Como escribe en el prólogo Josep Maria Nadal Suau, esta pieza supone tocar el hueso de un organismo vivo, rascar la herida hasta hacer sangre, descubrir a una lectora y escritora valiente y precoz, asistir a un combate cuerpo a cuerpo entre las raíces y el nuevo hogar que se impone. “La Analfabeta” (publicado en nuestro país por Alpha Decay) supone verdad, vida y coraje, y nos muestra la cara de la escritora: una mujer que golpea a la vez que escribe, unas manos que tiemblan pero que producen palabras, un animal con miedo que no emprende la huida sino que ofrece la mejilla frente al folio en blanco. Porque como dicen las palabras de Fábio Morábito en el prólogo, “sólo dejando de llorar, se puede escribir“.

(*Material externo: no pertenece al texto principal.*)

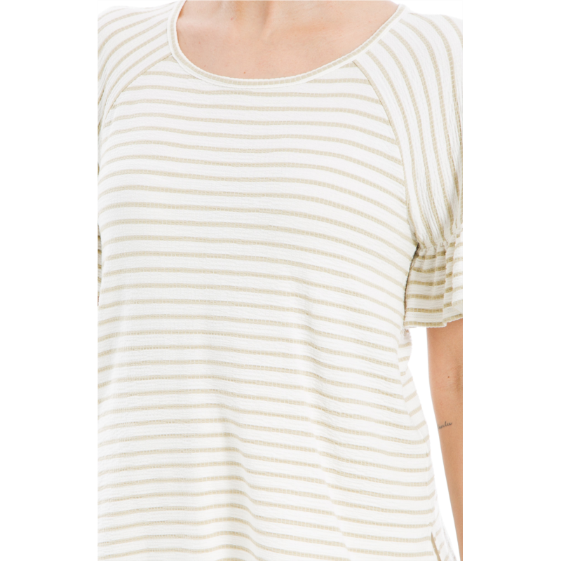 Fluttery sleeves bring chic style to this casual stretchy striped top.
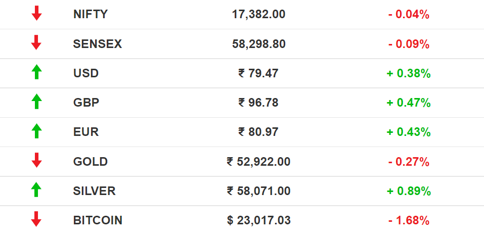 Stocks: Domestic indices ended lower, breaking their six-day streak. China's show of force in Taiwan made investors jittery. The Bank of England hiked interest rates by 50 basis points, the biggest increase in 27 years.
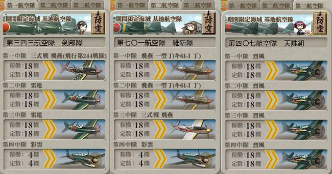 前段作戦クリア条件の1つに、基地の防空で複数回「制空権確保・被害なし」を出す事もあるので、まずは基地航空隊は防空に専念。ズラリ揃えた局地戦闘機の出番です。防空任務に成功した後は、艦隊の支援のためにAマスに攻撃隊を向かわせます。
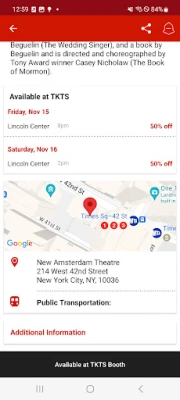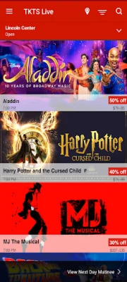 TKTS gir deg umiddelbar tilgang til det som til enhver tid er tilgjengelig ved de anerkjente TKTS Rabattbodene. Med en direkte kobling til displaytavlene, ser du nøyaktig hva de som står i kø ser – oppdatert i sanntid. Utforsk også en omfattende søkefunksjon som avdekker alt som foregår på scenene i New York City. Her finner du detaljerte beskrivelser av forestillinger, nøyaktige spilletider, teateradresser, informasjon om tilgjengelighet og lenker til offisielle nettsider for å sikre at du har all nødvendig kunnskap.
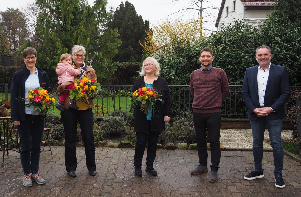 Für ihre 25jährige Betriebszugehörigkeit wurden drei Mitarbeiterinnen des ambulanten Kinderkrankenpflegedienstes „Krank und klein - bleib daheim“ am Mittwoch in einer Feierstunde geehrt. Auch der Sulinger Bürgermeister Patrick Bade war aus diesem Anlass in die Büroräume des Kinderkrankenpflegedienstes gekommen.
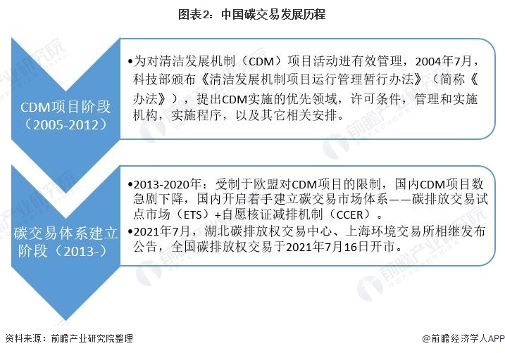 我國碳交易體系建立階段包括碳交易試點與全國統(tǒng)一碳排放權(quán)交易兩個階段。2013年起,我國借鑒歐盟碳交易機制(EU-ETS),在北京、天津、上海、湖北、廣東、深圳、重慶、福建、四川九個省市開啟區(qū)域碳排放交易試點。2021年7月16日,全國碳排放權(quán)交易開市。
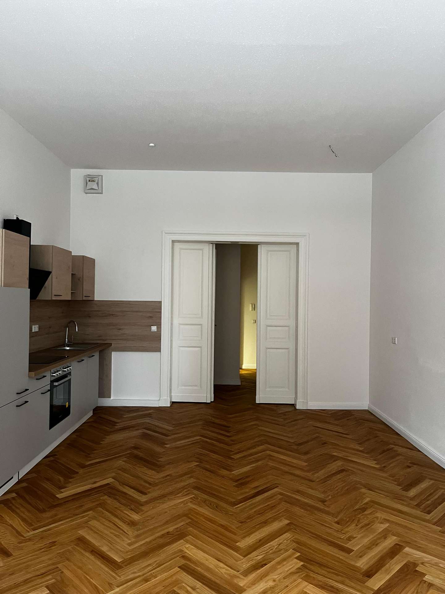 Die Wohnung verfügt über ein helles Wohnzimmer, ein separates Schlafzimmer sowie einen großzügigen Eingangsbereich. Eine neue Einbauküche wurde eingebaut und bietet modernen Komfort.
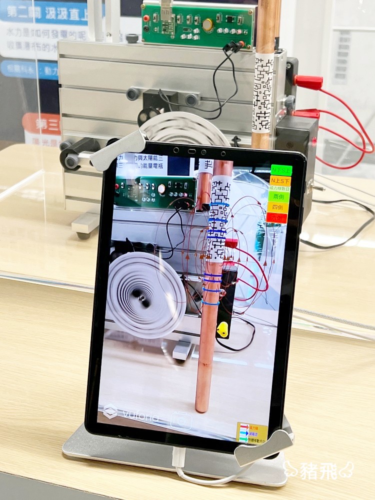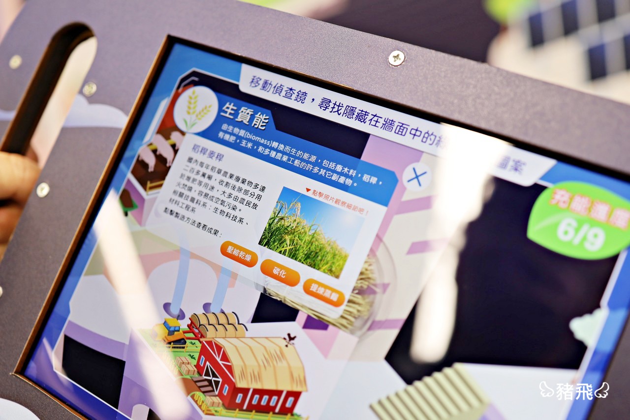 透過平板掃描牆面上的圖案,可以發現綠能如何應用在我們日常生活,你以為很遙遠的綠能,其實已經佈滿生活裡。除了常見的太陽能、風能之外,還有多種生質能。這一區是大朋友小朋友都很感興趣的互動區,透過VR 虛擬實境、AR 擴增實境的互動遊戲,讓我們更認識綠能在生活裡扮演的角色。
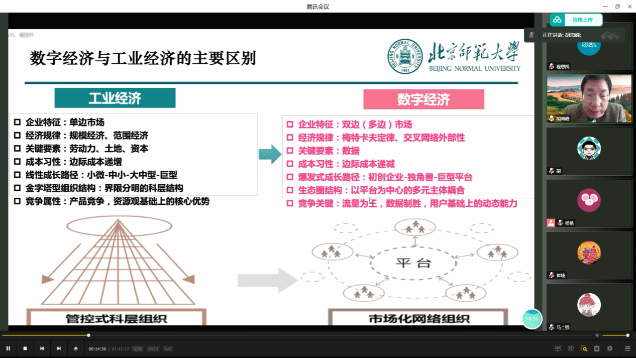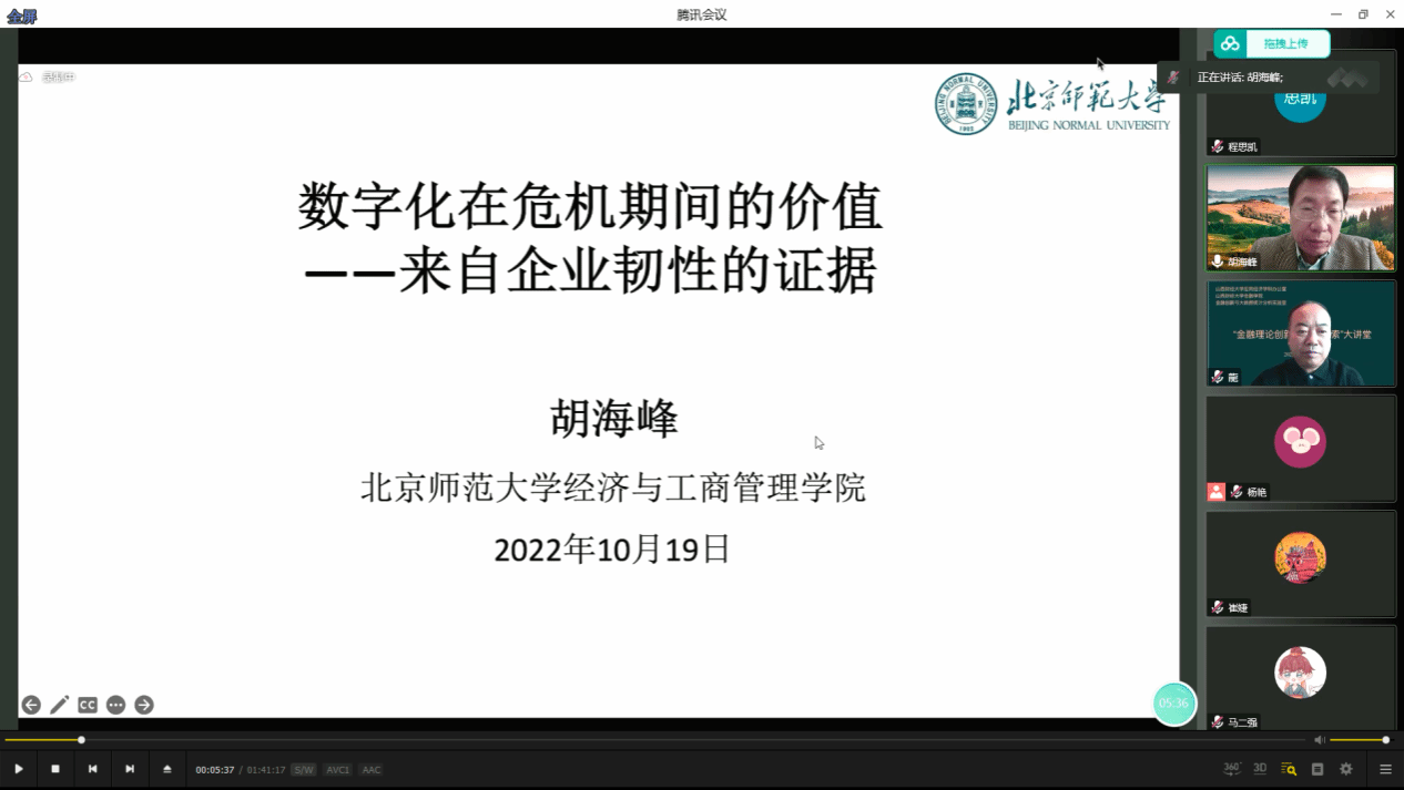 副校长沈沛龙教授主持,邀请到了北京师范大学经济与工商管理学院金融系主任胡海峰教授讲解了一篇题为“数字化在危机期间的价值——来自企业韧性的证据”的精彩的学术报告,参会人员包括偷拍视频

Y es que para Kristof, como contó en alguna entrevista, peor que la guerra fue la posguerra. La llegada a un nuevo país y la vida que empezaba no fueron tal como ella pensaba. Vino la invasión, la pérdida, el dolor. El exilio matando a su propia lengua materna. Ya en las primeras páginas del relato se sincera: nunca imaginaba que hubiera más que una lengua, que cualquier otro ser humano pudiera pronunciar una palabra, un color, un sentimiento en un idioma diferente.
Como en “Klaus y Lucas“, la prosa de Kristof asusta, es directa y dolorosa. Una escritura que corta pero que esconde siempre algo más tras el filo. Las palabras desaparecen y oímos cómo respira y late el animal que se esconde entre sus páginas. Un ejercicio para confirmarse, una plegaria para la esperanza. Una obra necesaria y magnífica. Agota Kristof escribe a la vez que sentencia: da igual la lengua, el país, el exilio, el trabajo monótono y mecánico de la fábrica. Ella seguiría, seguiría escribiendo.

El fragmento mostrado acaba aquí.